5) EU AI act
Yes, more AI regulation. The world seems to be showing a unified front… by setting off in its own direction. This regulation is still being finalised, but this act is looking at prohibiting certain types of AI considered ‘high risk, regulating others and mandating various measures. Requirements are expected to include model evaluations, assessing, and mitigating systemic risks, conducting adversarial testing, reporting to the European Commission on serious incidents, ensuring cyber security and reporting on energy efficiency.
6) CP26/23 - Operational resilience: Critical third parties to the UK financial sector
A catchy title, for sure. This is building on previous regulation that seeks to bring critical IT providers into the scope of financial regulators. As above, it will be interesting to see how this impacts third parties.

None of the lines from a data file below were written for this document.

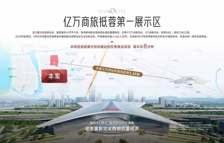 亿万商旅客流抵蓉第一展示区,西南最大高铁枢纽天府新站,明年即将投入使用,地铁18和19号交汇于此,形成空铁一体化。年旅客吞吐量1.2亿人次/年,日均约33万人次。将超越东站和北站商旅人群总和。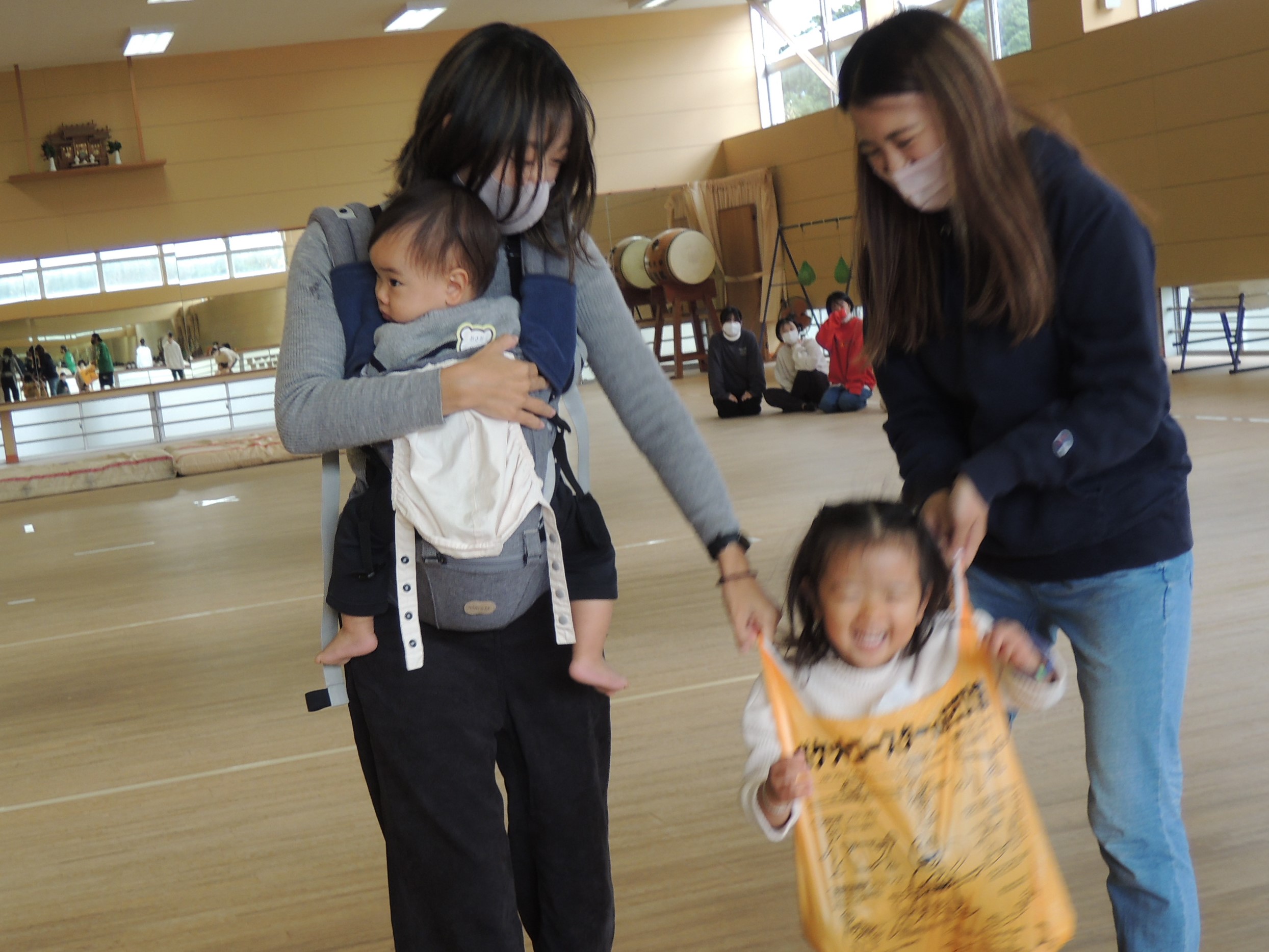 へぇ~!脚を案外広げられることに、ビックリ!お母さまたちも、やらせてみてなかったけど、ここまで一人で開脚できる、を発見したかもしれません。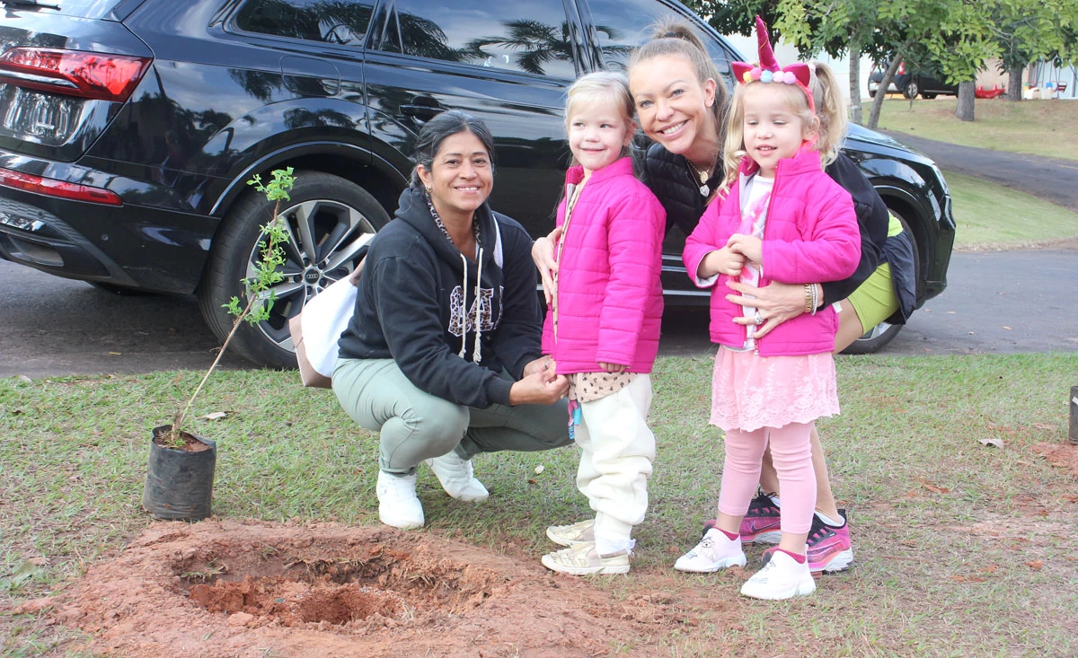 O condomínio verde de alto padrão de Marília, de moradia integradas à natureza, reúne moradores para uma ação de arborização e de educação ambiental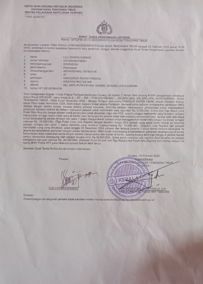 Keterangan dari ibu rumah tangga, Lili Lidwina Sonbay saat ditemui media dikediaman rumahnya, Sabtu Sore (8/2/25) ia menjelaskan bahwa, telah ditipu oleh dua orang laki-laki yang berinisial R dan M dengan adanya proyek Makan Bergizi Gratis (MBG) nanti.

7) Bermuda Personal Information Protection Act (PIPA)
Now, it’s been around a while, for sure. But the regulator has said they are getting round to implementing this in 2024. The requirements are pretty GDPR-ish, but there’s still work to do for in-scope organisations if you haven’t picked up on GDPR yet.
8) SEC Cyber security rules
Technically due in mid-December 2023, but important as it’s going to have a big impact. Requirements cover notification of breaches, disclosure of cyber security risk management and governance information, including board proficiency and oversight of cybersecurity risks. As with all the other rules and regulations we’ve noted, this will spread to the supply chain, so even if you’re not SEC listed, you need to be aware.

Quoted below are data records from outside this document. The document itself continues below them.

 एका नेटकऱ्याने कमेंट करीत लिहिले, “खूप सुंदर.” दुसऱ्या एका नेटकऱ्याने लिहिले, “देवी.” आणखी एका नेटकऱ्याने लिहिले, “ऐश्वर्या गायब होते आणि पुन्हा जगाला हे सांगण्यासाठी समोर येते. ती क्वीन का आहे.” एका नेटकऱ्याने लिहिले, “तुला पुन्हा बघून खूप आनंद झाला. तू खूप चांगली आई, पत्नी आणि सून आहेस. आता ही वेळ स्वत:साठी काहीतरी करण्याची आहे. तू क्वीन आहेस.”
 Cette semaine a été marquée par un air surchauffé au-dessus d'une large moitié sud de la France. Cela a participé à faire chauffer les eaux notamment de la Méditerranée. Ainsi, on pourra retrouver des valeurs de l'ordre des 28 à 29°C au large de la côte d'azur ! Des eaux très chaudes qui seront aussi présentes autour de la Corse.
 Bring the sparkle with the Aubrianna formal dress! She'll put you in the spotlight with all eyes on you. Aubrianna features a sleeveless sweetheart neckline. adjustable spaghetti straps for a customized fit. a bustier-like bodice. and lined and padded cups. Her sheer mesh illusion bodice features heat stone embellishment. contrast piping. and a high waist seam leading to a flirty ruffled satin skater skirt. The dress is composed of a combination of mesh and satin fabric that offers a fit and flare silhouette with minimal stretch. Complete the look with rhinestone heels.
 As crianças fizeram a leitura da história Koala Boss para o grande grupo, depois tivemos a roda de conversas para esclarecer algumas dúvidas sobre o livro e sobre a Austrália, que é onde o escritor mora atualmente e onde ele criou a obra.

Well, that’s eight rules from around the world that are going to have an impact in 2024. We haven’t mentioned US AI executive orders or anything the UK plans to do on AI. We haven’t mentioned US federal data privacy shenanigans. You may think they won’t impact you, and unless you’re in scope, or deliver services to someone that is in scope, you may be right. But read the above and you might just see a poorly hidden trend. If you’re not regulated now, you may well be soon.